The following will address the value of integrating data within a corporation, strategies to integrate data, Key Performance Indicators (KPIs) that matter within organizations, pitfalls, and examples. Along the way, we will follow the story of Apple.

Please reference the bolded word in the definitions at the bottom.

What makes great products?

I am not going to try to create a summary of why Apple is where it is today. We all know that in some variation, the relentless combination of Steve Jobs (the creative, visionary, disruptor) and Steve Wozniak (the technical, inventive, disruptor) was what launched Apple into the stratosphere. Yes, it was visionaries, not data, that were responsible for making Apple a household brand. However, data is now a huge part of Apple’s culture. The critical difference is that data enhances excellent products; data does not make great products. This exact difference is what makes Apple a fantastic palette for this conversation.

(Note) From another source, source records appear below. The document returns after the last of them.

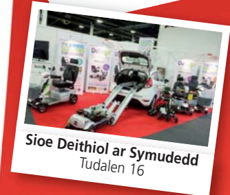
Sioe Deithiol ar Symudedd Tudalen 16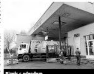
Biznis s odpadom. Kosit chce znovu získavať zisk z odpadových služieb.

KOSICE. Po zrušení tenderu a nemi, že Kosit akcionári čosiaľ v súkromí podiely v troch odpadových spoločnostiach Ozon, Ozor, Duteko a MTE. Pôvodný výnos bol 20 mil. H by by opäť bol 20 mil. akcionári Kositu sa snažia získať späť svoje podiely v týchto firmách. Kosit chce získať späť svoje podiely v týchto firmách. Kosit chce získať späť svoje podiely v týchto firmách.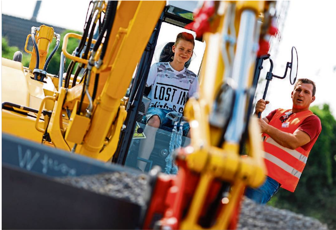
Praxisbezug: Bei der Ausbildungsmesse haben Jugendliche die Möglichkeit, Bagger zu fahren.

Mit vielen Neuerungen möchte das Team von „Ausbildung 49“ den Jugendlichen den Weg in die Berufswelt vereinfachen: Im 30-Minuten-Takt bieten acht Tourguides einen Messerundgang mit verschiedenen Schwerpunkten wie Medien, Naturwissenschaften und Dienstleistungen an. Oft verbänden Jugendliche einen Betrieb mit einer Anzahl bestimmter Ausbildungsberufe, obwohl sie eine viel größere Ausbildungsvielfalt zu bieten hätten. Unternehmen würden darunter leiden: „Der Rund-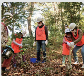
森づくり体験会(緑区)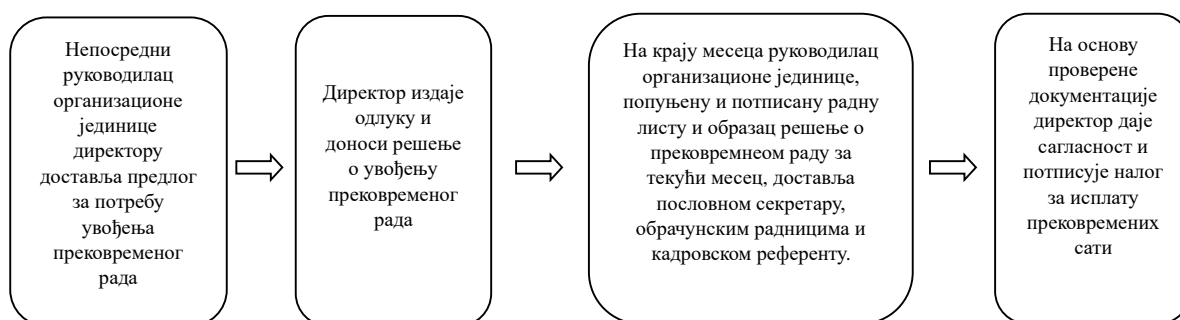
Слика број 4. Шематски приказ Процедуре о прековременом раду број 4253/2023 од 03. августа 2023. године

У Процедури о прековременом раду није наведен начин на који се утврђује потреба за увођењем прековременог рада директора здравствене установе и уводи прековремени рад за ово лице, као и начин извештавања о обављеним пословима за време прековременог рада директора.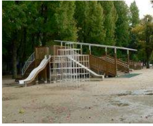
複合遊具 多目的広場 (総合グラウンド)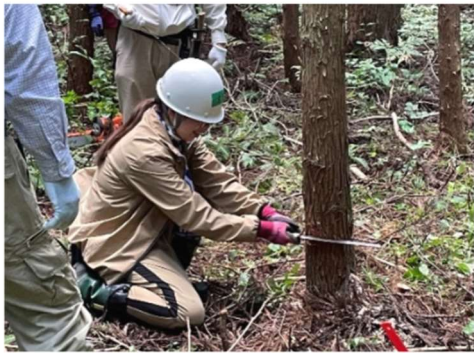
のこぎりを使った間伐体験

間伐作業体験は片寄地区の森林で、紫波みらい研究所「木こり倶楽部」の指導で行われ、どの木を伐れば森にとって良い環境になるのかを教わり、のこぎりを使って伐採しました。伐った木は木質チップに加工され、町内の木質チップボイラーで活用されます。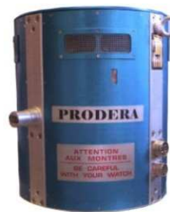
EX 520 C50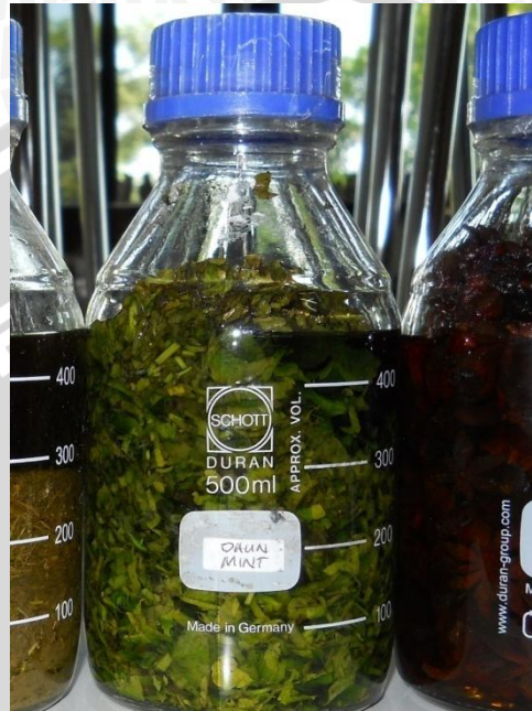
Gambar 1 : Proses pembuatan ekstrak daun mint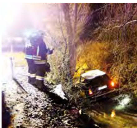
Alle Schutzengel hatte die PKW-Lenkerin, die von der Pfarrwaldstraße abkam und in den Tiefenbach geschleudert wurde.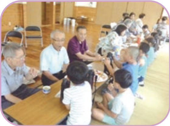
山下長寿会と山下児童クラブの皆さん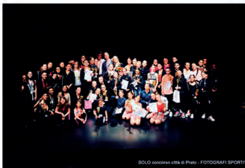
SOLO concorso città di Prato - FOTOGRAFI SPORTIVI

Figuring out a successful, impactful product is a “human’s job.” I often reference the idea that for every market problem, there are 10,000 market solutions. I find this imbalance of problem-to-solution interesting because only a couple out of the corpus of market solutions get the job done for the consumer. Almost always, the products and services that accomplish a market impact originate from a “human,” not a data set.

However, once a great product or service is introduced, data can optimize its growth, impact & overall success. In January 2001, Apple launched iTunes music, disrupting the music industry with the first-ever platform to buy, store, & listen to music via the ethernet. While Napster was first in online music, it did not reach adoption like iTunes because it lacked the consumer base of Apple and the simplicity & fluidity of UX. There was no grouping of analysts and data engineers behind the release. However, Apple did use data to improve it.

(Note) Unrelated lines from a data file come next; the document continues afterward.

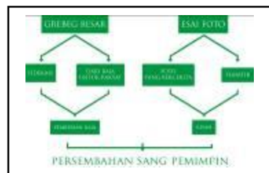
Gambar 1 Proses Penentuan Final Keyword

Bedasarkan dari pencarian kata kunci diatas ditemukan keyword untuk Penciptaan Buku Esai Fotografi Upacara Grebeg Besar Yogyakarta Sebagai Upaya Mempopulerkan Filosofi Budaya Jawa adalah “Persembahan Sang Pemimpin”. Keyword ini akan dijadikan sebuah konsep yang akan mendasari Penciptaan Buku Esai Fotografi Upacara Grebeg Besar Yogyakarta. Bisa dilihat pada gambar 4.1 proses penentuan final keyword untuk penciptaan buku esai fotografi grebeg besar Yogyakarta.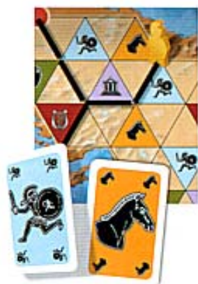
Illustration 3 : le joueur actif a choisi la carte Hoplite. Il y a 3 cases voisines avec ce symbole - au nord, à l'est et au sud-est. Toutes 3 sont à une distance égale de la position actuelle d'Alexandre, à savoir 2 lignes (la position laissée dans l'exemple 2). Le joueur peut donc choisir librement sur laquelle de ces 3 cases déplacer Alexandre - il choisit la case à l'Est. Il y place Alexandre sur le point supérieur. Après le placement des deux murs de frontière (plus 1 qui était en réalité déjà en place) il a créé une petite province composée de 4 cases vides et 3 avec symbole.

Une province devrait (mais pas obligatoirement) toujours contenir au moins une case avec symbole - sinon elle est sans valeur, ne pouvant être occupée. (Une seule case avec symbole peut être considérée comme province. Cependant, ne rapportant aucun point lors de la collecte d'impôts, cela vaut rarement la peine de créer une telle province).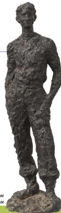
אמן: דב פייגין אוסף מוזאון פתח תקוה לאמנות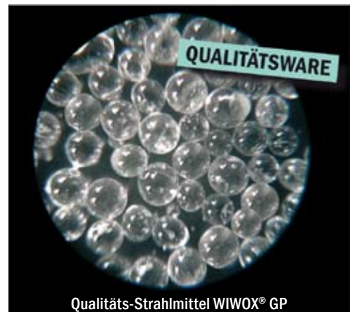
Qualitäts-Strahlmittel WIWOX® GP

Axel Hallensleben / Heike Falk WIWOX GmbH Surface Systems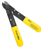
FO 103-S Millerzange von 250 auf 125µm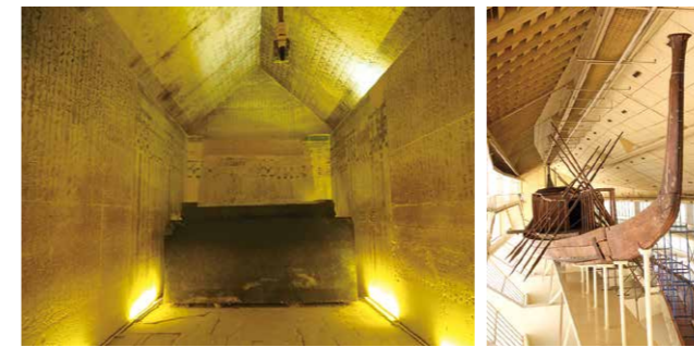
ウナス王のピラミッド内部(左)/太陽の船(右)

In 2008 Apple released iTunes Genius, which collected data on all of their listeners and cross-referenced it to create informed “suggested” playlists and general music suggestions to their consumers. iTunes Genius was a great use of data and utilized prescriptive analytics. Yes, Apple has been eclipsed by Spotify in terms of recommendations & the disruption of streaming subscription versus ownership. However, iTunes Genius still remains an original example of how data can make a great product better.

For context on how iTunes Genius fundamentally worked: Apple looks at all of its users’ “music libraries,” they break down these libraries into categories like genre, artists, and songs. Then they cast archetypes; country music fans, rock music fans, mixed fans, etcetera. From there, they cross-reference differences in the libraries from the archetype level. For example, 10% of users are country music fans; of that 10% of users that are country music fans, 90% have Garth Brooks album Fresh Horses. Of that 90% that own Fresh Horses, 50% also own music by Clay Aiken & Dolly Parton. For every country music fan with Garth Brooks album Fresh Horses that does not have music by Clay Aiken or Dolly Parton, iTunes Genius should recommend Clay Aiken & Dolly Parton.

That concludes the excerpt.